It's actually worse than that. It's always couched in terms of kicking seniors out of their life long homes because they're on a fixed income even though the major beneficiaries are Disney and extremely wealthy people. Worse, property held in LLCs allow you to retain favorable tax treatment even when the LLC changes hands.
Disney has to be singled out here because the're still paying 1960s taxes on their land in Anaheim.
Back to seniors, it's such a ridiculous argument. For one, you can always treat different taxpayers differently and, for example, freeze propert taxes for seniors until they die. You don't need to give a massive tax benefit to Disney to do that.
Interestingly, a state like Texas handles this way better.

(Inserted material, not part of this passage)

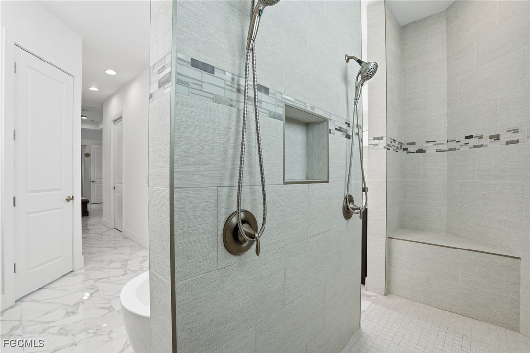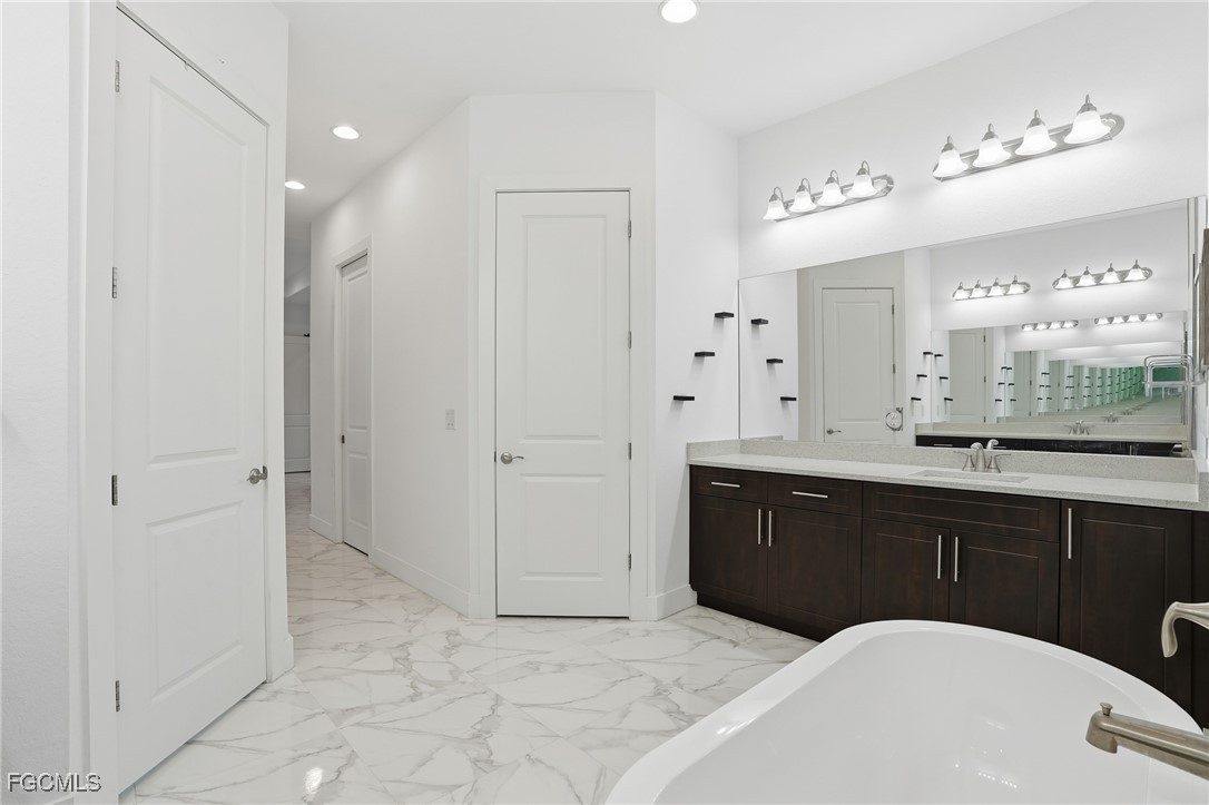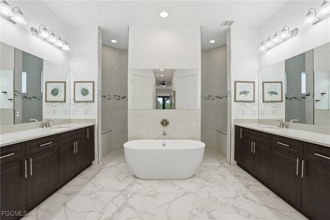 The spacious primary suite includes an en suite bath with separated dual vanities, a soaking tub, and a walk-in shower. Three additional bedrooms offer comfort and privacy for family or guests.

Property taxes are deferred for seniors until they die. They're still accuring property tax debt but it doesn't hit their immediate incomes.
This gives people a choice: stay in their family home and pay taxes when the houses are inherited or downsize to save on taxes.
This has the added benefit of freeing up housing stock.
> If you applied capital gains tax to grandpa's modest gift to his grandchildren the grand children may very well end up with nearly nothing.
That's such a funny remark. First, this implies the tax rate is 100%. How else could you end up with nothing? Long term capital gains is what? 20%? If the "modest gift" of a $1 million house with a cost basis of $300,000 results in $140,000 in capital gains taxes, you still have $860,000.
Hell, you can even have the system defer those taxes until the sale of the property (eg capped at 10 years) if you're worried about undue hardship.
But the house has its cost basis reset to $1 million, which in insane. In some places, you even get to inherit the ridiculously low property tax rate, which was another result of homeowners voting themselves massive tax breaks.
Second, these completely made up emotional anecdotes about regular people are so often used to defend practices whereby billionaires get to pay nothing. It's an appeal to emotion and a complete distraction. I don't know if you're just an unwitting victim of this propaganda (which it is) or you're one of the many bad faith pundits who use this appeal for the real goal: protecting the wealth of rich people.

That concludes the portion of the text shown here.